When I got them back to the apartment, I found that this might well be my new workhorse notebook: the color of the paper is pleasantly neutral, the notebook opens satisfyingly flat, the cover is stiff enough to promise some durability, while still being able to be written on. And delightfully, the paper proves absolutely perfect for fountain pen use. Even the broadest, wettest nib leaves a perfect line that doesn't spread out or bleed thru to the opposite side of the page. I was delighted: the next time J. left me at the apartment to catch something on Broadway, I sent her to the new Muji flagship store in the New York Times building to pick me up a serious stack of the things – 10, to be exact. (There, it turned out, the notebooks were going for all of 99¢ apiece.) I'm looking forward to filling them up.
Enough anality for now.
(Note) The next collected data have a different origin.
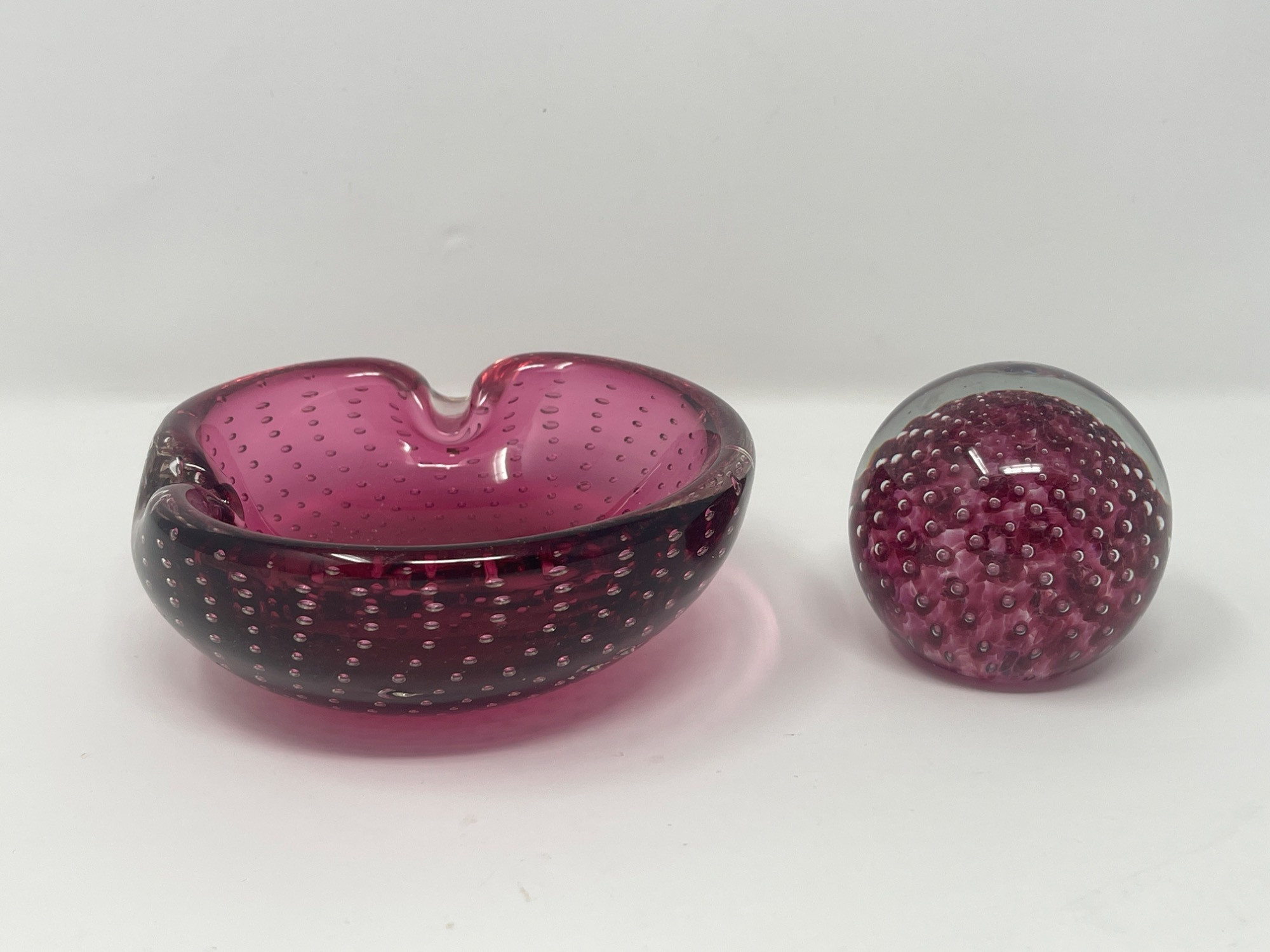 Set of two rich cranberry-toned art glass pieces, each featuring a controlled bubble (bullicante) pattern. Includes a heart-shaped ashtray bowl and a rounded paperweight signed and dated 1990. Beautiful as decorative accents or functional art glass. Condition: No imperfections noted. Measurements: Paperweight: 2.75” in diameter Ashtray: 5" W x 2" H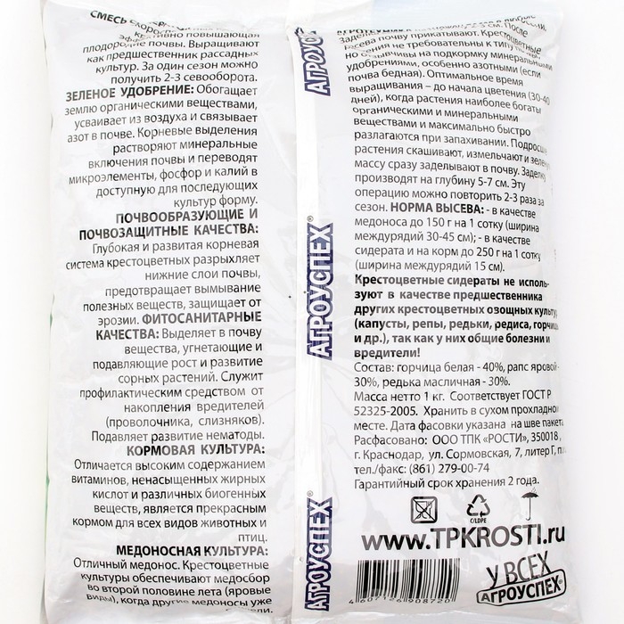 Сидерат "Агроуспех", Смесь крестоцветных, 1 кг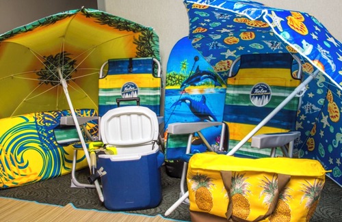 - beach chairs + sun umbrella + cooler + boogie boards

Is it clear I'm avoiding preparing syllabi?
***
But speaking of slim & cheap volumes, I have a largish stack of copies of Anarchy on hand at the moment, probably enough to send one out to anybody who cares to backchannel me a request.
7 comments:
Japanese IKEA?
Perk.
Anarchy copies available.
Double perk.
Happy summer's end, Mr. Bond...erm, Mr. Scroggins!
:-)
For a while I fetishized those grayish composition books but lately like lined, large black books (various sizes), heavy paper, clothbound, usually found on discount at art or office supply stores...no particular fetish for particular kinds of pens, though black ink is essential..I just returned from Copenhagen and Vancouver so hope you'll write more on Stockholm...
tyrone
Thanks for the mention of a notebook that works well with Fountain Pens. Yes, both words should be capitalized.
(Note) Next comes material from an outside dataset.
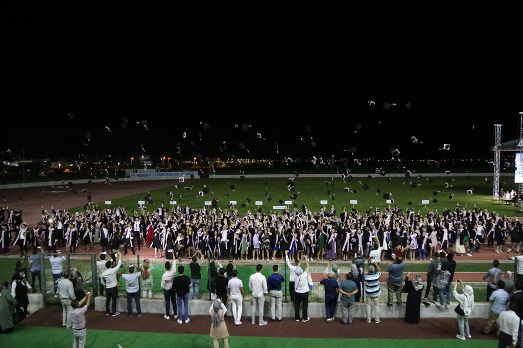 Yemin törenlerinin de tamamlanmasıyla öğrenciler, havai fişek gösterisi eşliğinde keplerini havaya atarak mezuniyetlerini kutladı.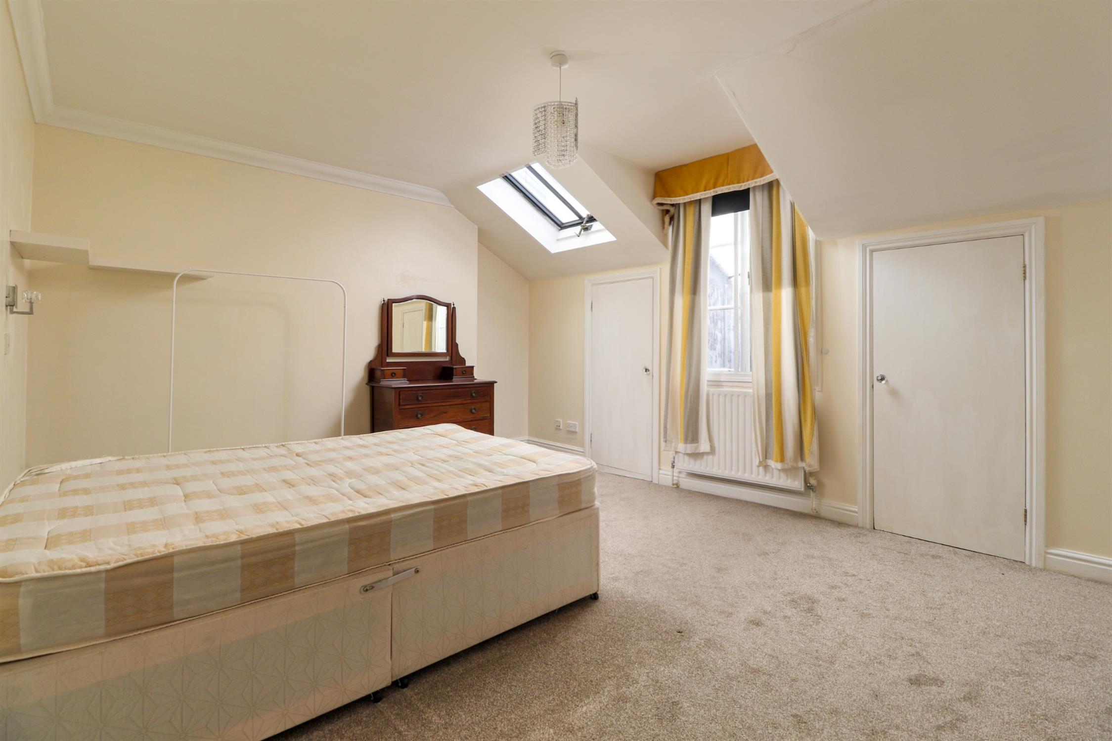 Smooth ceiling, window, double glazed roof window, two eaves storage cupboards, radiator, fitted carpet.

Like Ty, I've used black unlined notebooks of various sizes over many years. The big ones are great for projective verse, if your poems are all over the page. But I also love old grade school marble cover notebooks, lined. I used to use them a lot for copying out long passages of books I really wanted to internalize. And I still write all my poems by hand, though I long ago went electronic for prose.
The Mujis sound great...
I use the sketching moleskines (the ones that are sold with a purple band). they have a thicker paper that takes fountain pens fairly well. As for Kochean expansiveness, I'd just turned the notebook around if need be.
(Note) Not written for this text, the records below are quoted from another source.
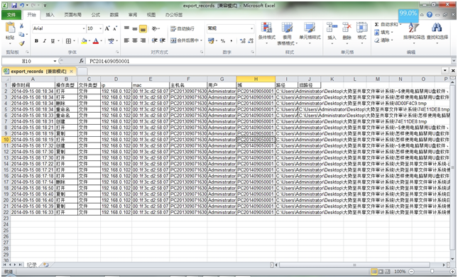 12、访问共享文件的日志情况可以导出为其他格式,如word、excel等,便于第三方审计。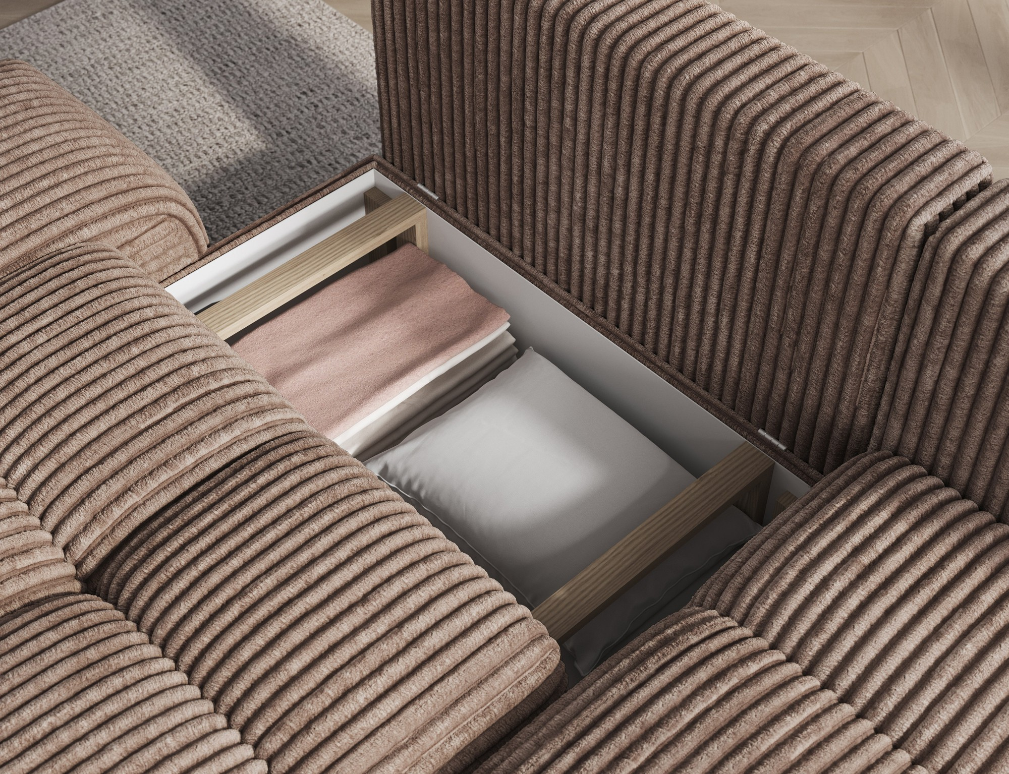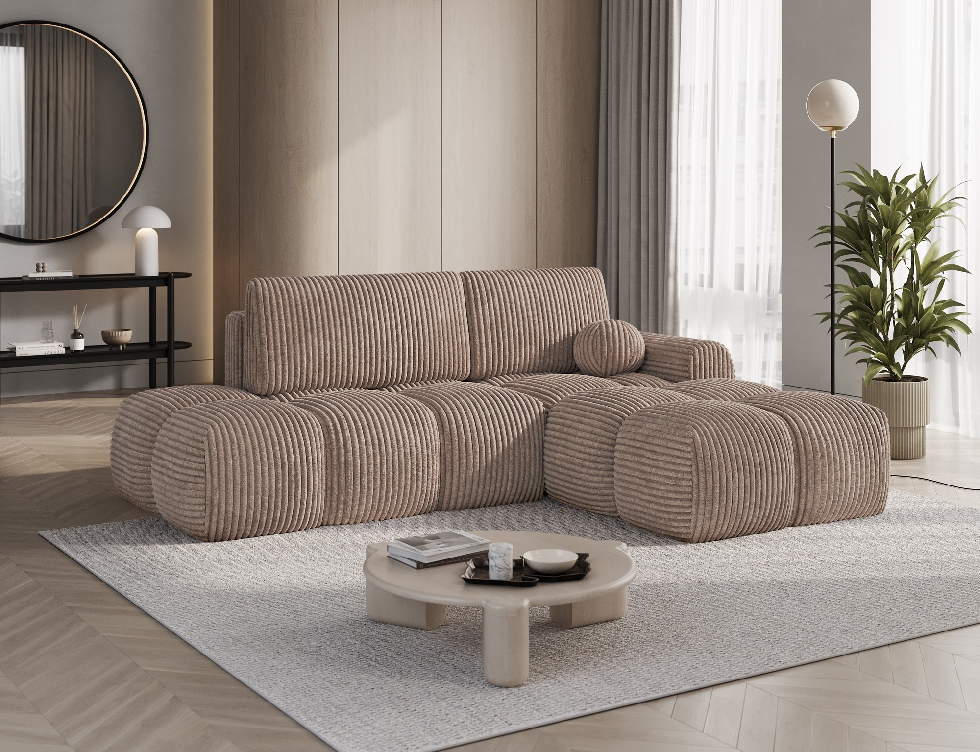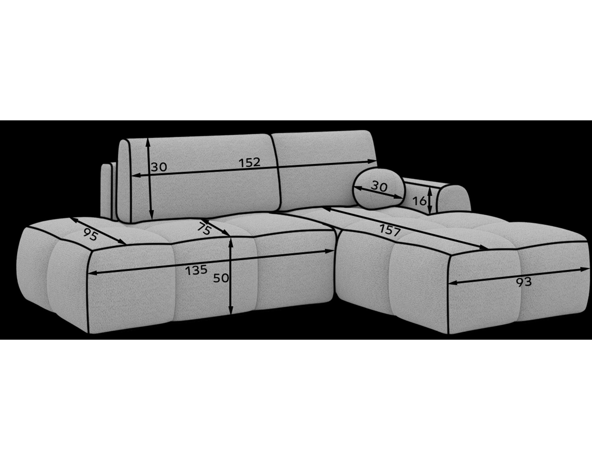 Rohová pohovka Vittario je moderní a funkční kus nábytku navržený pro maximální pohodlí. Jeho kubický tvar a jemné linie se dokonale snoubí s moderními interiérovými designy. Tento kus měří 227 × 170 × 95 cm a váží 115.4 kg, zajišťující stabilitu a dlouhotrvající odolnost. Sedák je vyplněn vlnovou pružinou typu B, pěnou HR3030 a pěnou T2315. Opěradlo se skládá z polštářů naplněných pěnovými granulemi, které se přizpůsobují tělu a poskytují měkké, relaxační pohodlí. Pohovka je vybavena funkcí spaní, která nabízí plochu 95 × 205 cm, a také DL mechanismem s pružinou, který podporuje snadné a rychlé rozložení. Další výhodou je úložný prostor na ložní prádlo, který pomáhá udržovat obývací pokoj uklizený. Vittario je kombinací praktičnosti, estetiky a pohodlí, ideální pro moderní prostory.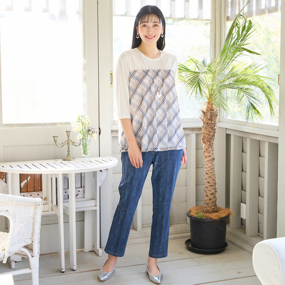 デニム柄のパンツとの甘カジュアルな着こなしがおすすめです。

It's good to hear about Muji. Do they lay open flat, though? That's my pet peeve for notebooks. Many nice ones are too tight and don't lay open flat. Miquelrius makes nice knockoffs of moleskines in different colors and a few bucks cheaper. Apica notebooks (also Japanese) are very nice, accept fountain ink well and have the pleasant logo: "Most advanced quality gives best writing features." It seems many of the Japanese notebooks accept fountain ink. It's interesting to see you share my notebook preferences and aesthetic so closely.
Tom King
Sorry I'm so late to this party. When it comes to stationery I share your fetish. Based on my limited experience, the paper in Clairefontaine notebooks takes fountain pen ink exceedingly well but they are expensive. The Muji no-branders sound phenomenal for the price. The spare architectural look of them is very attractive! One quibble though, I believe the Mujis either have fifteen leaves and thirty pages or thirty leaves and sixty pages. I have always understood a leaf to consist of two pages, recto and verso. Thanks for alerting us to this find.